I think 4bld and 5bld are fine, because I personally I believe they are impressive to watch, although doing it succesfully and quickly is out of reach for most cubers. Clock and feet ought to be removed, but with removing specific events, some specialists in these events will be forced to get better at different events


----------



## AbsoRuud (Aug 13, 2019)

The argument that Clock isn't a twisty puzzle is completely false.


----------



## Vim (Aug 13, 2019)

AbsoRuud said:


> The argument that Clock isn't a twisty puzzle is completely false.


Exactly.
One argument could be that Clock isn't interesting enough and doesn't see much development in terms of speedcubing techniques.

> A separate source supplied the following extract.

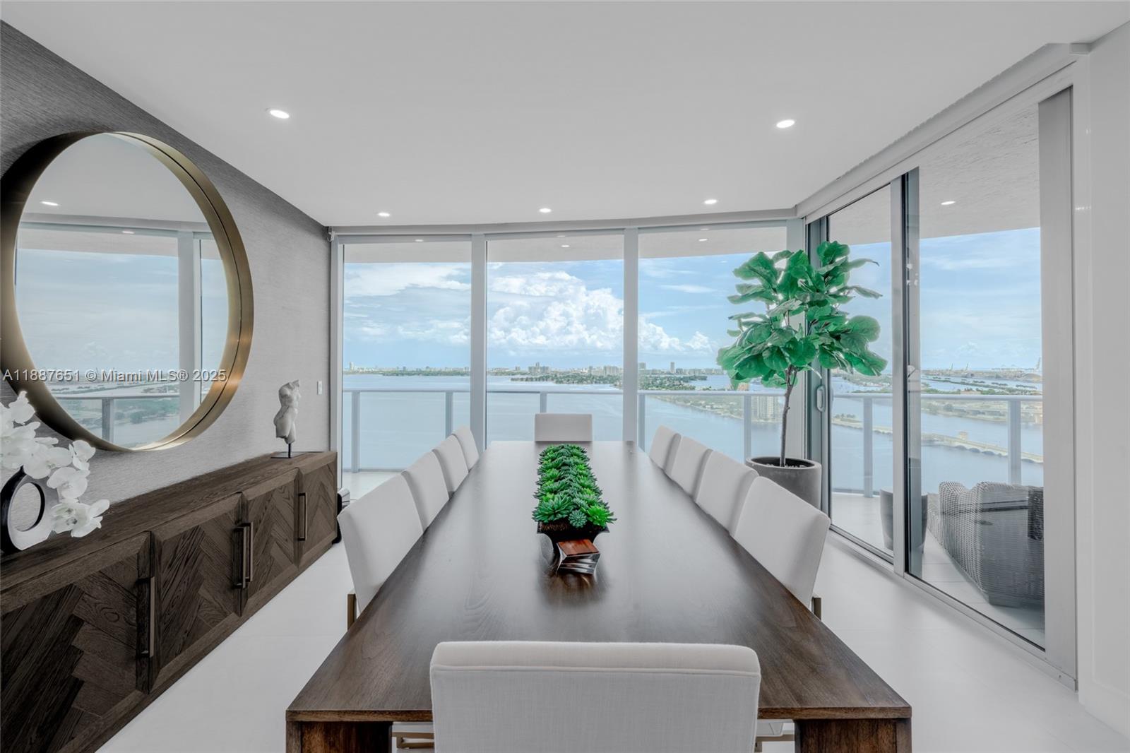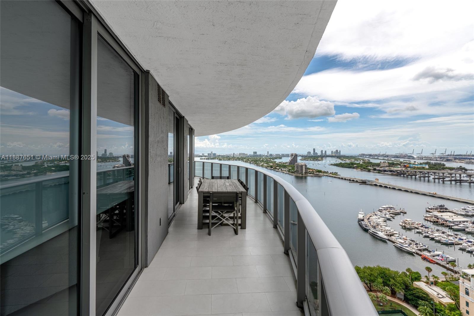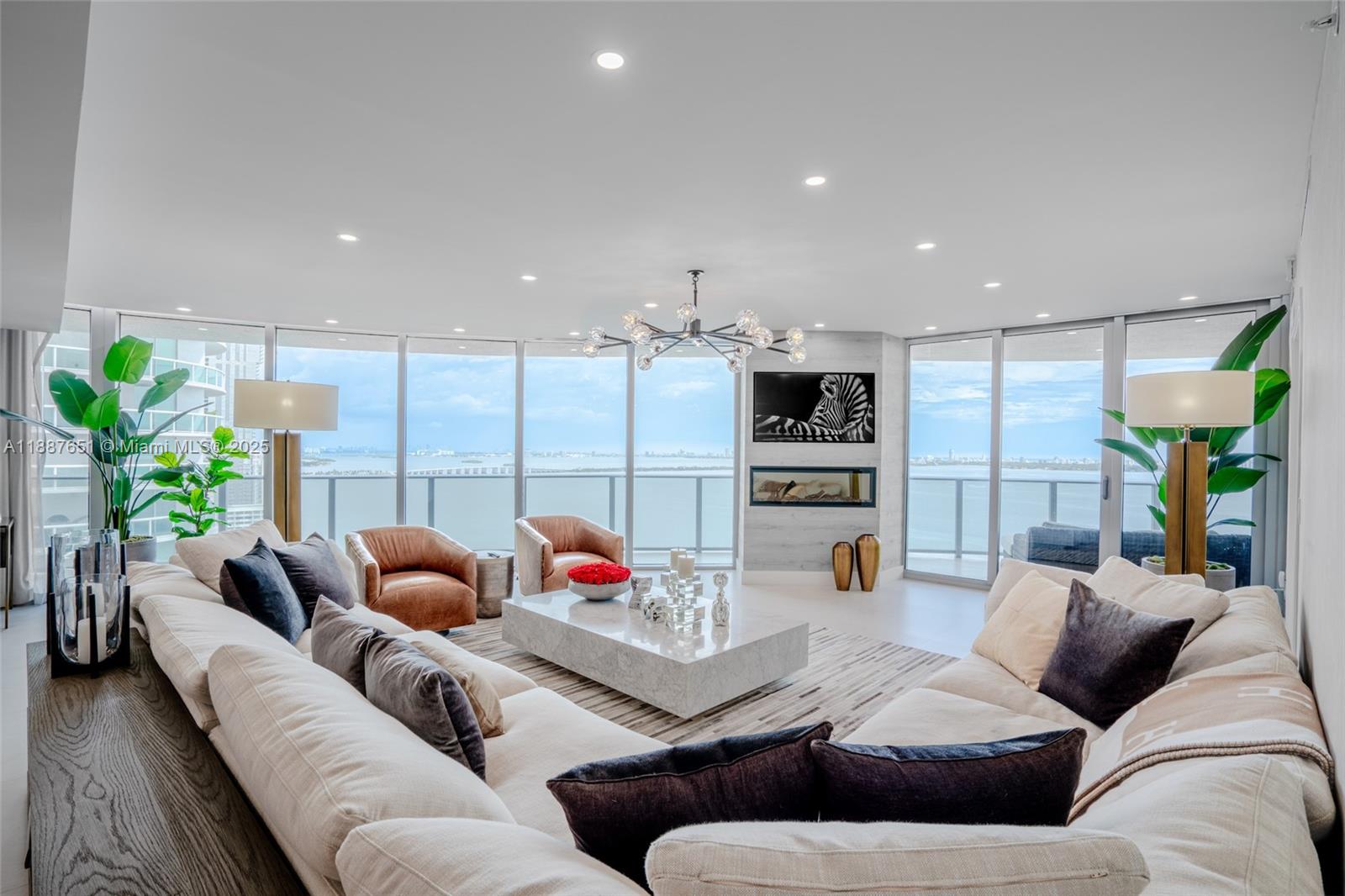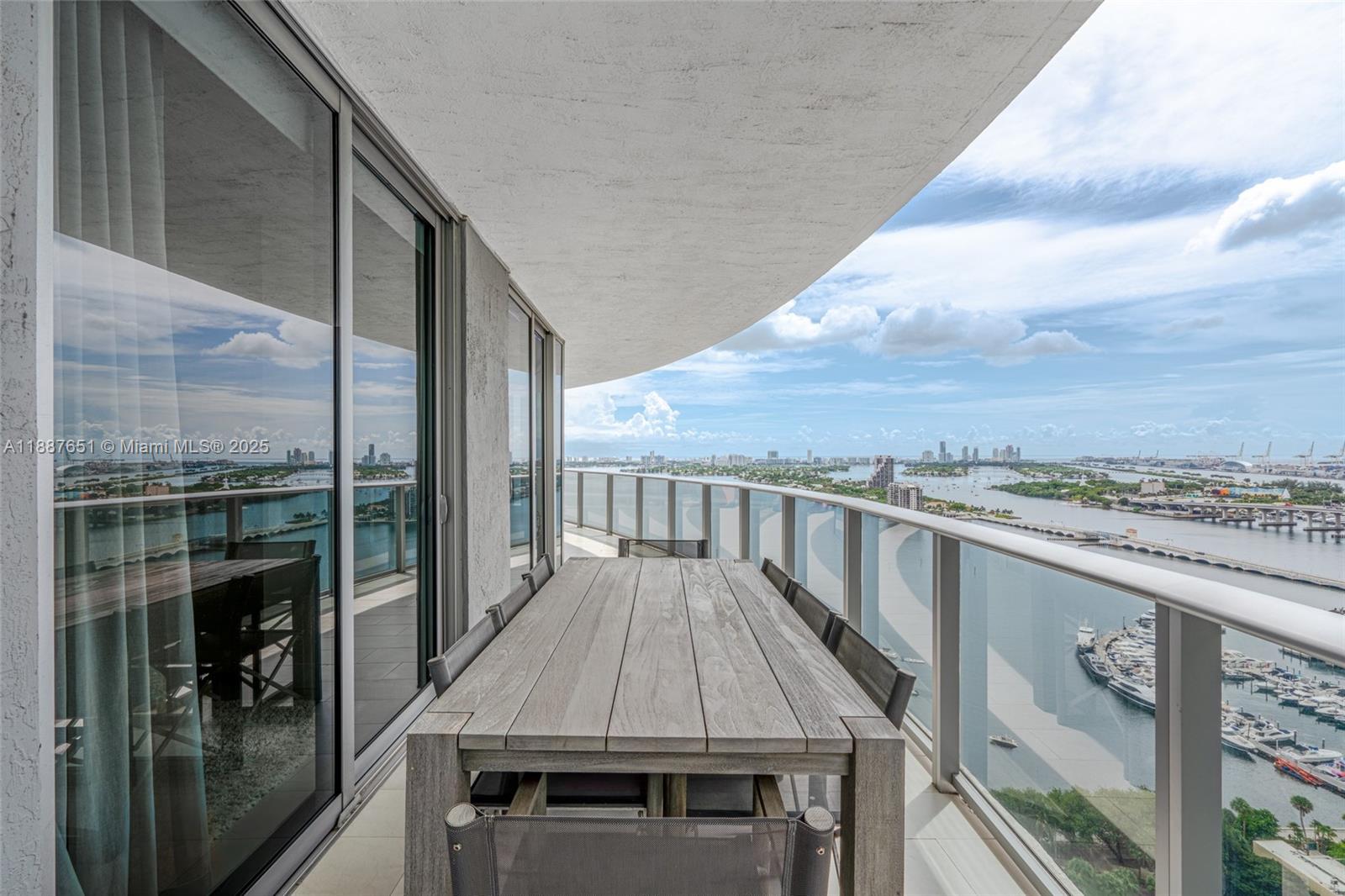 Experience an extraordinary “mansion in the sky” at Aria on the Bay. This rare double residence, originally 6 beds/6 baths, has been masterfully reimagined into 4 grand bedrooms, 5 spa-like baths, a state-of-the-art media room, elegant office, and 2 expansive living areas designed for entertaining. Encompassing nearly 6,000 sq. ft., including a spectacular 1,200+ sqft balcony with 180° views, features 4 parking spaces and private elevator entry. Floor-to-ceiling glass with panoramas of Biscayne Bay, South Beach, and the Atlantic. Indulge in world-class amenities two resort-style pools, a modern fitness center, spa, theater, lounge, and more. Positioned just steps from Margaret Pace Park, near premier marinas, Wynwood, and the Design District, with the airport and beaches only minutes away.

Also, feet will be removed at the end of the year.

Honestly, I don't see the point of those threads if it's just to post a list, cast votes, repeat said votes in a post and hardly give arguments about the choices.


----------



## GAN 356 X (Aug 13, 2019)

Vim said:


> Also, feet will be removed at the end of the year


solving a cube with your feet is pretty weird


----------



## One Wheel (Aug 13, 2019)

Pyraminx and Skewb are a little weird, and I think it would be cool to add curvy copter. I wouldn’t fight taking out pyraminx, skewb, and possibly click, unless it was taking them out to make room for another event. If we could add another event it should be curvy copter, but only if we can add it on top of the events we already have.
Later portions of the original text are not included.